RECORDED DATA section start
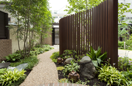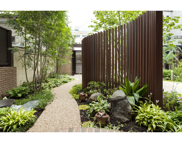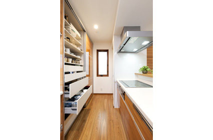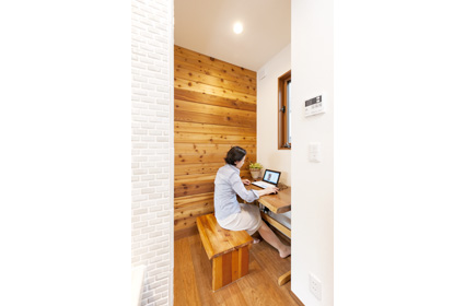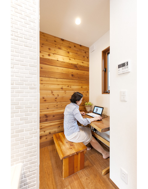 道路から見た際の塀を含めた家全体のイメージ、総タイル外壁の彫りが深く上品な外観デザイン、緑の中を通って玄関まで行けるS字を描くタイルのアプローチなどにこだわりました。近隣に3階建ての家が多いので、視線をゆるやかに遮る目隠しにも配慮しています。インテリアはログハウス好きの妻の好みに合わせてブラウンを基調に。杉の無垢板を貼ったキッチン横の家事コーナーも希望を叶えたものです。
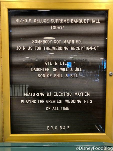 The PizzeRizzo look was a nice improvement on Pizza Planet, mimicking the look of an old grungy New York eatery. This restaurant is two-stories and upstairs, guests will find Rizzo’s Deluxe Supreme Banquet Hall where a wedding reception is being held (It’s a very classy joint, after all)!
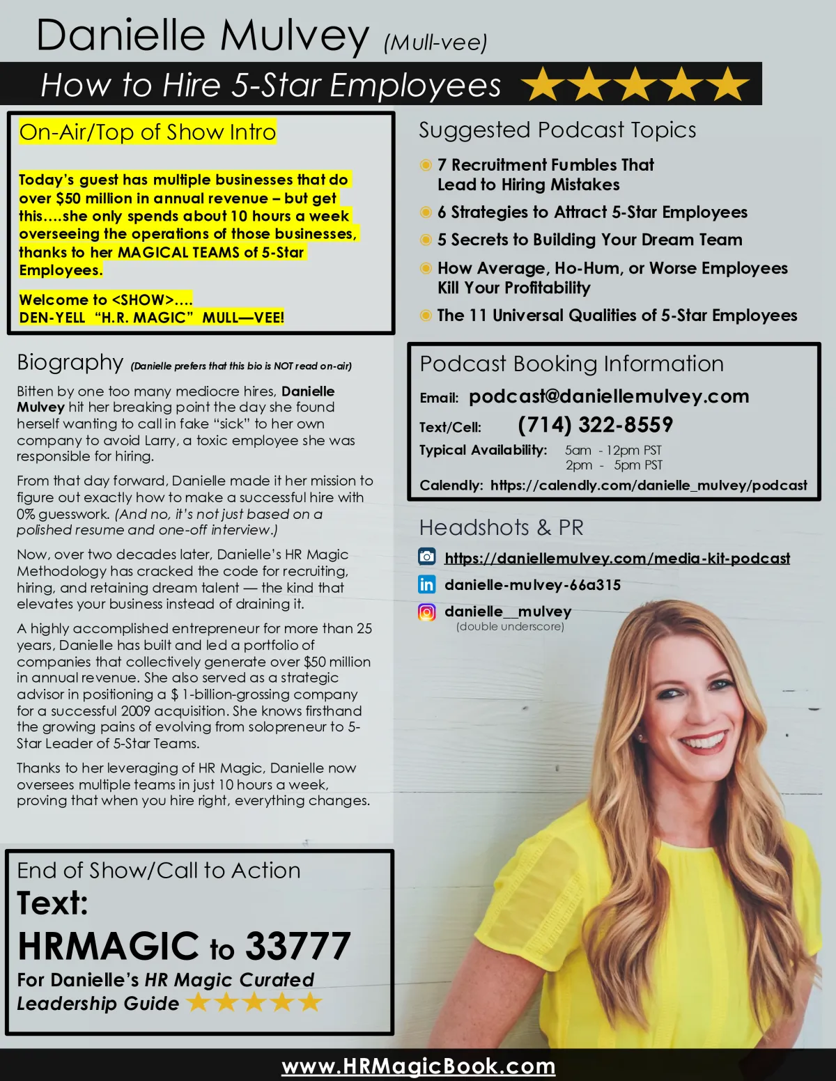 A highly accomplished entrepreneur for over 25 years, managing a current portfolio of companies grossing over $50 million in annual revenue, Danielle Mulvey has experienced and overcome the struggles of evolving from solopreneur to 5-Star Leader of a 5-Star Team. Building 5-Star Teams has afforded Danielle the freedom to explore new business opportunities and regain quality time with her family – a goal she wants to make possible for fellow ambitious entrepreneurs.
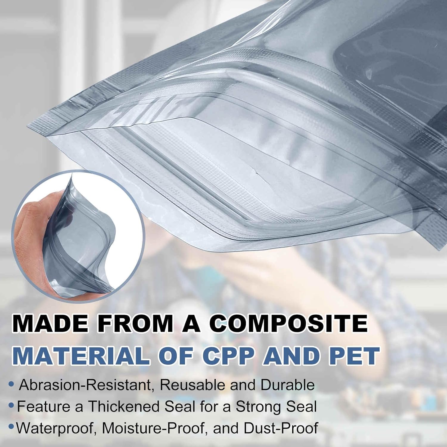 Material – Made from a composite material of CPP and PET, these anti-static bags are abrasion-resistant, feature a thickened seal for a strong seal, are waterproof, moisture-proof, and dust-proof, and are reusable and durable. The translucent design is stylish and easy to identify, making them safe, practical, and aesthetically pleasing.
RECORDED DATA section end
__YOUR ASSIGNMENT__
Restate all of the data word for word and include no pictures.

__RESULT OF THE TASK__
 道路から見た際の塀を含めた家全体のイメージ、総タイル外壁の彫りが深く上品な外観デザイン、緑の中を通って玄関まで行けるS字を描くタイルのアプローチなどにこだわりました。近隣に3階建ての家が多いので、視線をゆるやかに遮る目隠しにも配慮しています。インテリアはログハウス好きの妻の好みに合わせてブラウンを基調に。杉の無垢板を貼ったキッチン横の家事コーナーも希望を叶えたものです。
 The PizzeRizzo look was a nice improvement on Pizza Planet, mimicking the look of an old grungy New York eatery. This restaurant is two-stories and upstairs, guests will find Rizzo’s Deluxe Supreme Banquet Hall where a wedding reception is being held (It’s a very classy joint, after all)!
 A highly accomplished entrepreneur for over 25 years, managing a current portfolio of companies grossing over $50 million in annual revenue, Danielle Mulvey has experienced and overcome the struggles of evolving from solopreneur to 5-Star Leader of a 5-Star Team. Building 5-Star Teams has afforded Danielle the freedom to explore new business opportunities and regain quality time with her family – a goal she wants to make possible for fellow ambitious entrepreneurs.
 Material – Made from a composite material of CPP and PET, these anti-static bags are abrasion-resistant, feature a thickened seal for a strong seal, are waterproof, moisture-proof, and dust-proof, and are reusable and durable. The translucent design is stylish and easy to identify, making them safe, practical, and aesthetically pleasing.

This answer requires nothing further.